As the AI bot landscape changes with new bots on the rise, Cloudflare will keep our customers a step ahead by updating the directives on our managed robots.txt, so they don’t have to worry about maintaining things on their own. Once enabled, customers won’t need to take any action in order for any updates of the managed robots.txt content to go live on their site.

We believe that managing crawling is key to protecting the open Internet, so we’ll also be encouraging every new site that onboards to Cloudflare to enable our managed robots.txt. When you onboard a new site, you’ll see the following options for managing AI crawlers:

This makes it effortless to ensure that every new customer or domain onboarded to Cloudflare gives clear directives to how they want their content used.

Under the hood: technical implementation

To implement this feature, we developed a new module that intercepts all inbound HTTP requests for /robots.txt. For all such requests, we’ll check whether the zone has opted in to use Cloudflare’s managed robots.txt by reading a value from our distributed key-value store. If they have, the module then responds with the Cloudflare’s managed robots.txt directives, prepended to the origin’s robot.txt if there is an existing file. We prepend so we can add a generalized header that instructs all bots on the customers preferences for data use, as defined in the IETF AI preferences proposal. Note that in robots.txt, the most specific match must always be used, and since our disallow expressions are scoped to cover everything, we can ensure a directive we prepend will never conflict with a more targeted customer directive. If the customer has not enabled this feature, the request is forwarded to the origin server as usual, using whatever the customer has written in their own robots.txt file. (While caching origin's robots.txt could reduce latency by eliminating a round trip to the origin, the impact on overall page load times would be minimal, as robots.txt requests comprise a small fraction of total traffic. Adding cache update/invalidation would introduce complexity with limited benefit, so we prioritized functionality and reliability in our implementation.)

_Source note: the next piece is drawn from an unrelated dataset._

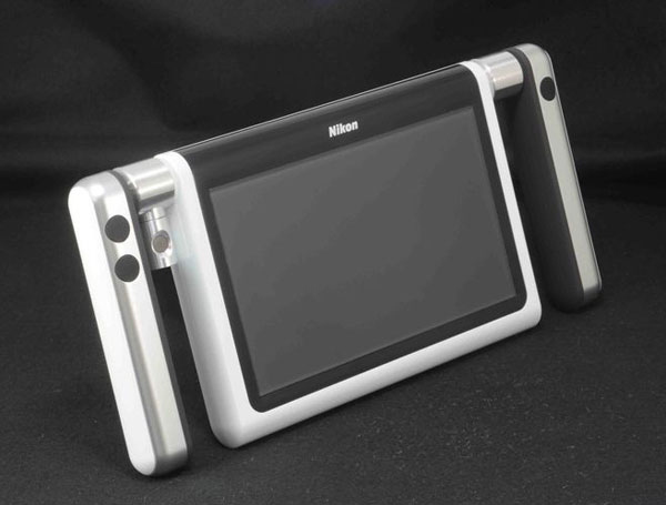 The next is an odd one called Nikon Multi-Ball. It looks like one of those cameras that you sit somewhere at a party and it takes photos all around the place to create a large scene. Exactly what it does or is we don't know. Nikon Rumors thinks it may be a 3D-panorama camera. There is also a prototype camera with a giant 6-inch screen and handles on each side. It looks really strange to me and presumably would be more like a media player able to show photos and video on a big screen than a camera alone.

Step 2: block, but only where you show ads

Adding an entry to your robots.txt file is the first step to telling AI bots not to crawl you. But robots.txt is an honor system. Nothing forces bots to follow it. That’s why we introduced our one-click managed rule to block all AI bots across your zone. However, some customers want AI bots to visit certain pages, like developer or support documentation. For customers who are hesitant to block everywhere, we have a brand-new option: let us detect when ads are shown on a hostname, and we will block AI bots ONLY on that hostname. Here’s how we do it.

First, we use multiple techniques to identify if a request is coming from an AI bot. The easiest technique is to identify well-behaved crawlers that publicly declare their user agent, and use dedicated IP ranges. Often we work directly with these bot makers to add them to our Verified Bot list.

Many bot operators act in good faith by publicly publishing their user agents, or even cryptographically verifying their bot requests directly with Cloudflare. Unfortunately, some attempt to appear like a real browser by using a spoofed user agent. It's not new for our global machine learning models to recognize this activity as a bot, even when operators lie about their user agent. When bad actors attempt to crawl websites at scale, they generally use tools and frameworks that we’re able to fingerprint, and we use Cloudflare’s network of over 57 million requests per second on average, to understand how much we should trust the fingerprint. We compute global aggregates across many signals, and based on these signals, our models are able to consistently and appropriately flag traffic from evasive AI bots.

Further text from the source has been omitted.